WHAT IS EXPECTED
Take the material below and output exactly the run of lines from the one containing "imagePRETTYGARDEN Corduroy Skirt" down to the one containing "15:26 На избирательном", with both included.

EXTRACTED DATA
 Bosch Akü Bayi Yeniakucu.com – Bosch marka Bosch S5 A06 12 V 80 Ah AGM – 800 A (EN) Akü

--

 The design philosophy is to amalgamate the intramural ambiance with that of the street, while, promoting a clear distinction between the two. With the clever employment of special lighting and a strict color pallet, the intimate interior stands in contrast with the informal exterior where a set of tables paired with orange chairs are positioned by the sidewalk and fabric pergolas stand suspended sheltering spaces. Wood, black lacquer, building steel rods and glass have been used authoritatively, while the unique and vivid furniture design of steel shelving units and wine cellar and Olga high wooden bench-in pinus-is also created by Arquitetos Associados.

...

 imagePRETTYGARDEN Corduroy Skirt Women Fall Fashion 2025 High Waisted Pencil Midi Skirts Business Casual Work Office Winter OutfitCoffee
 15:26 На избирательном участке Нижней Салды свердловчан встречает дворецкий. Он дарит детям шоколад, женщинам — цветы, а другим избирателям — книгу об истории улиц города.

SOLUTION TO THIS TASK
 imagePRETTYGARDEN Corduroy Skirt Women Fall Fashion 2025 High Waisted Pencil Midi Skirts Business Casual Work Office Winter OutfitCoffee
 15:26 На избирательном участке Нижней Салды свердловчан встречает дворецкий. Он дарит детям шоколад, женщинам — цветы, а другим избирателям — книгу об истории улиц города.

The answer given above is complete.